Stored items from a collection
-- Opening Marker --

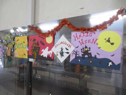 10月に入り給食室のホールは、ハロウィンが飾り付けられました。
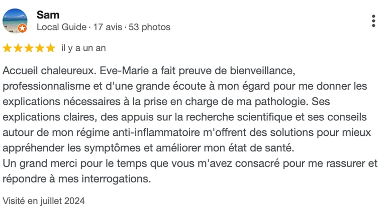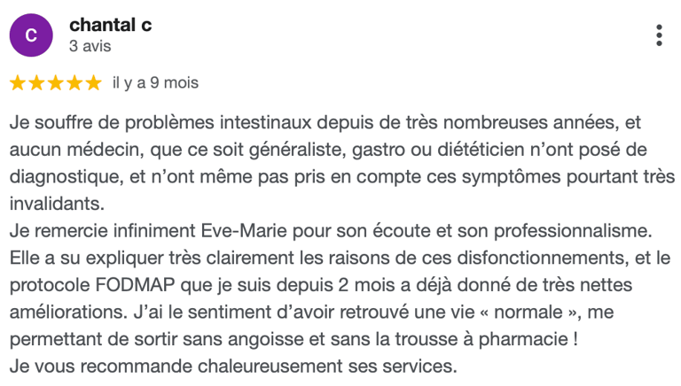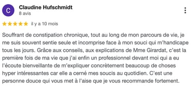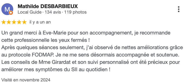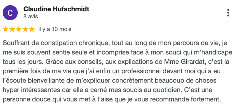 Ces avis proviennent directement de ma fiche Google Professionnelle et reflètent une prise en charge individualisée, bienveillante et basée sur les recommandations scientifiques.
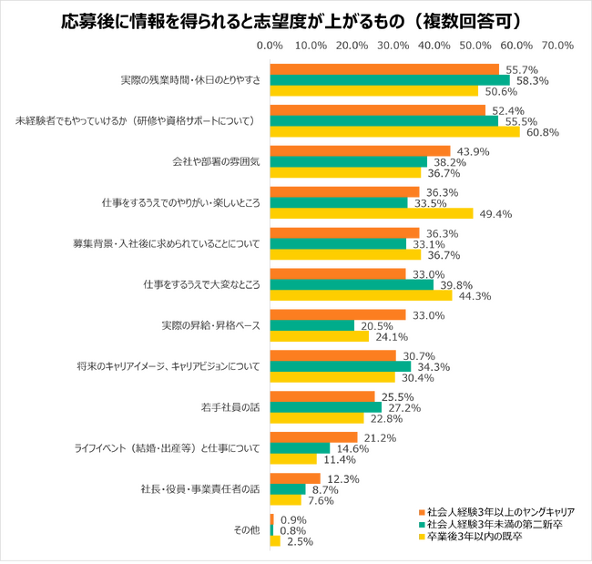 応募後に情報を得られると志望度が上がるものは、社会人経験3年以上の「ヤングキャリア」、社会人経験3年未満の「第二新卒」共に、「実際の残業時間・休日のとりやすさ」が最多となりました。ヤングキャリアは、次いで「未経験でもやっていけるか(研修や資格サポートについて)」、「会社や部署の雰囲気」が続きました。第二新卒は、次いで「未経験でもやっていけるか(研修や資格サポートについて)」、「仕事をするうえで大変なところ」と続いており、大変な面も含めてリアルな情報を得たいという意向がうかがえます。卒業後3年以内の「既卒」は、「未経験でもやっていけるか(研修や資格サポートについて)」の回答が最多。次いで、「実際の残業時間・休日のとりやすさ」、「仕事をするうえでのやりがい・楽しいところ」の順に続きました。
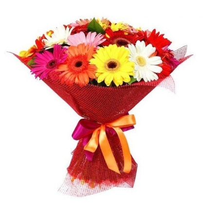 Яркий букет из разноцветных гербер в красивой упаковке.
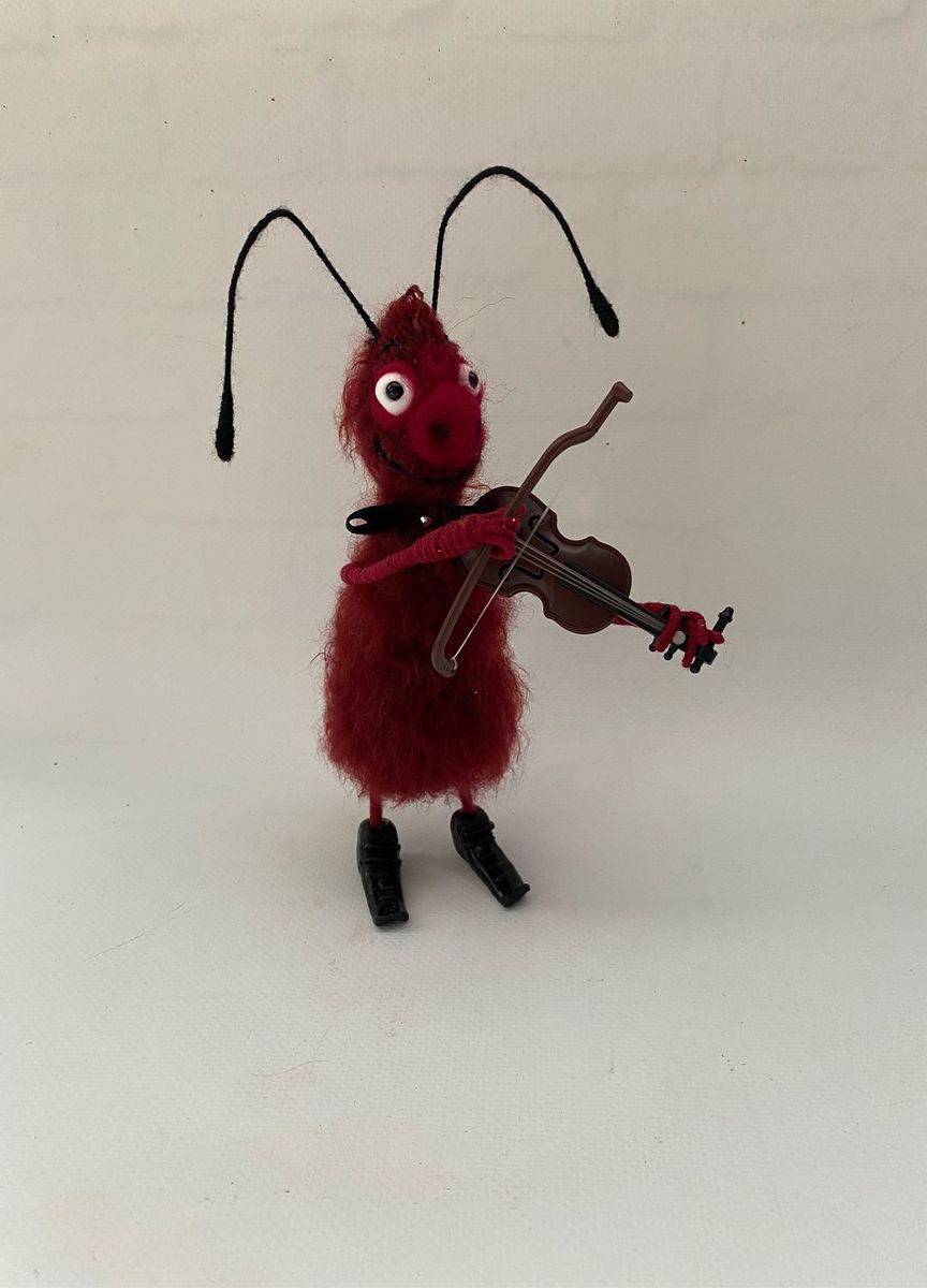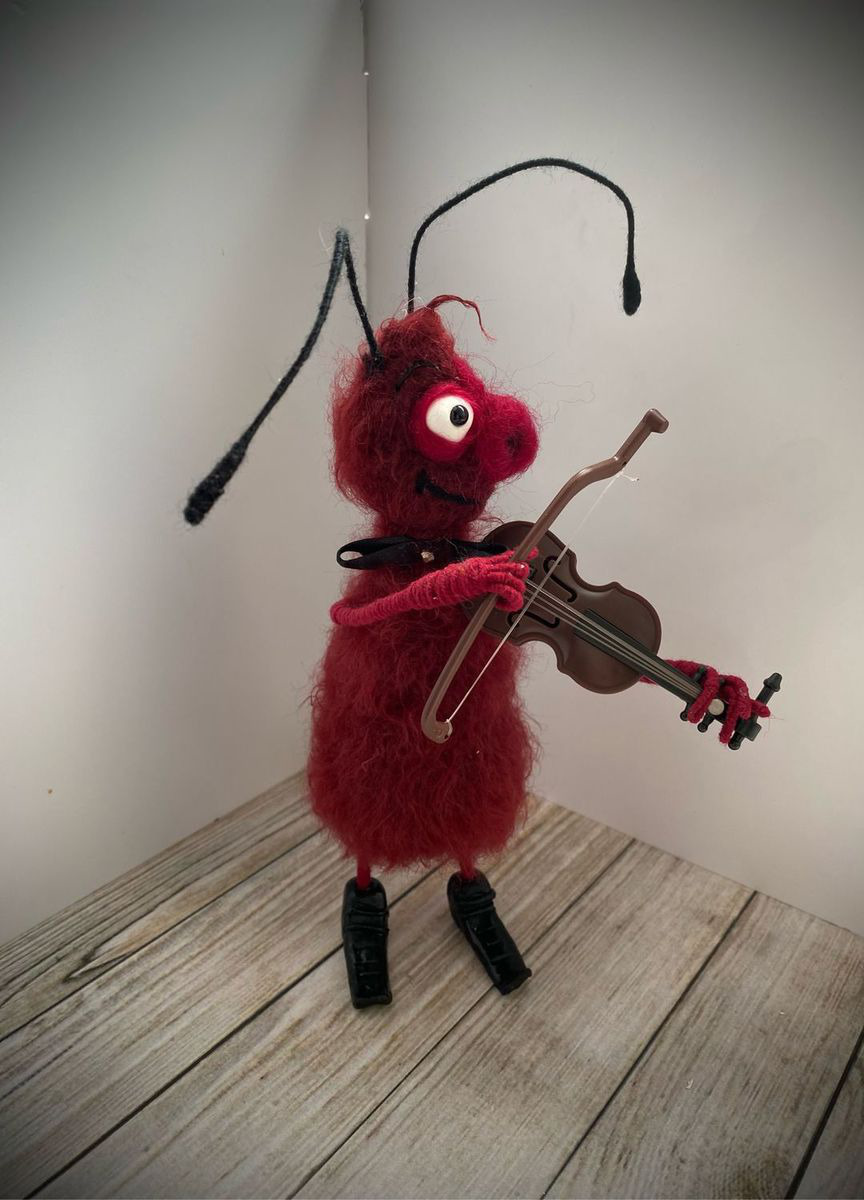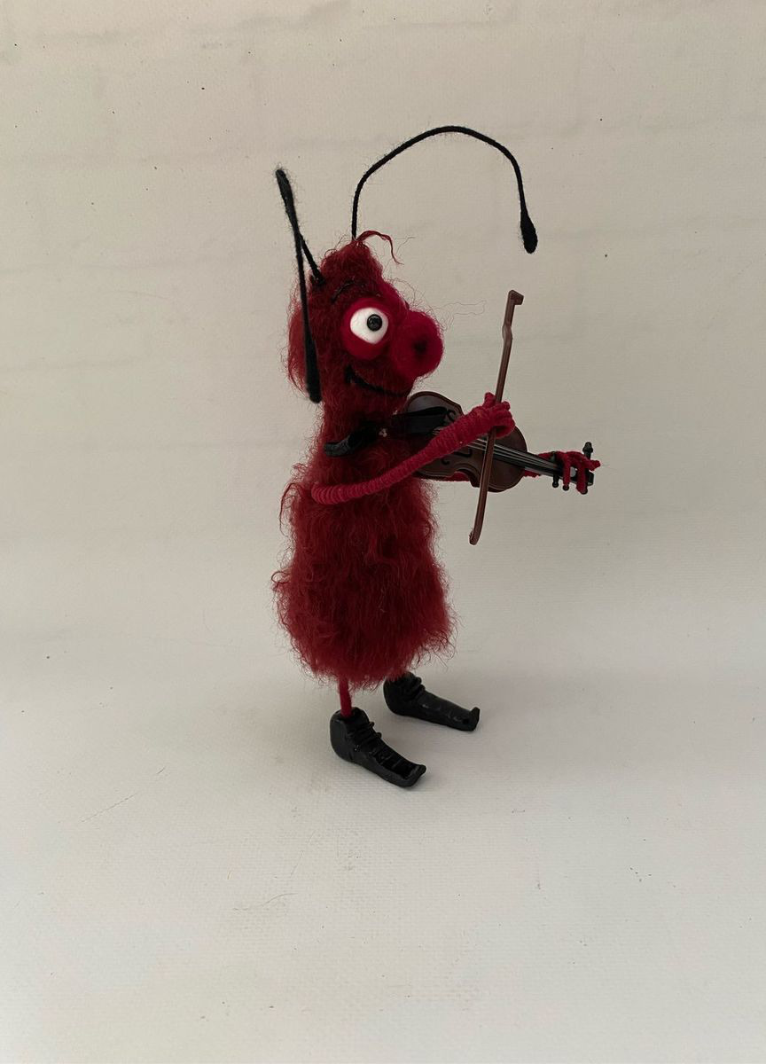 Рост 17 см без учета усиков, стоит самостоятельно, проволочный каркас, голова на шплинтовом соединении

-- Closing Marker --

▸ Exercise directions
Write out each line exactly, from the one containing "Ces avis proviennent" through the end of the entries, and skip the pictures.

▸ Written answer
 Ces avis proviennent directement de ma fiche Google Professionnelle et reflètent une prise en charge individualisée, bienveillante et basée sur les recommandations scientifiques.
 応募後に情報を得られると志望度が上がるものは、社会人経験3年以上の「ヤングキャリア」、社会人経験3年未満の「第二新卒」共に、「実際の残業時間・休日のとりやすさ」が最多となりました。ヤングキャリアは、次いで「未経験でもやっていけるか(研修や資格サポートについて)」、「会社や部署の雰囲気」が続きました。第二新卒は、次いで「未経験でもやっていけるか(研修や資格サポートについて)」、「仕事をするうえで大変なところ」と続いており、大変な面も含めてリアルな情報を得たいという意向がうかがえます。卒業後3年以内の「既卒」は、「未経験でもやっていけるか(研修や資格サポートについて)」の回答が最多。次いで、「実際の残業時間・休日のとりやすさ」、「仕事をするうえでのやりがい・楽しいところ」の順に続きました。
 Яркий букет из разноцветных гербер в красивой упаковке.
 Рост 17 см без учета усиков, стоит самостоятельно, проволочный каркас, голова на шплинтовом соединении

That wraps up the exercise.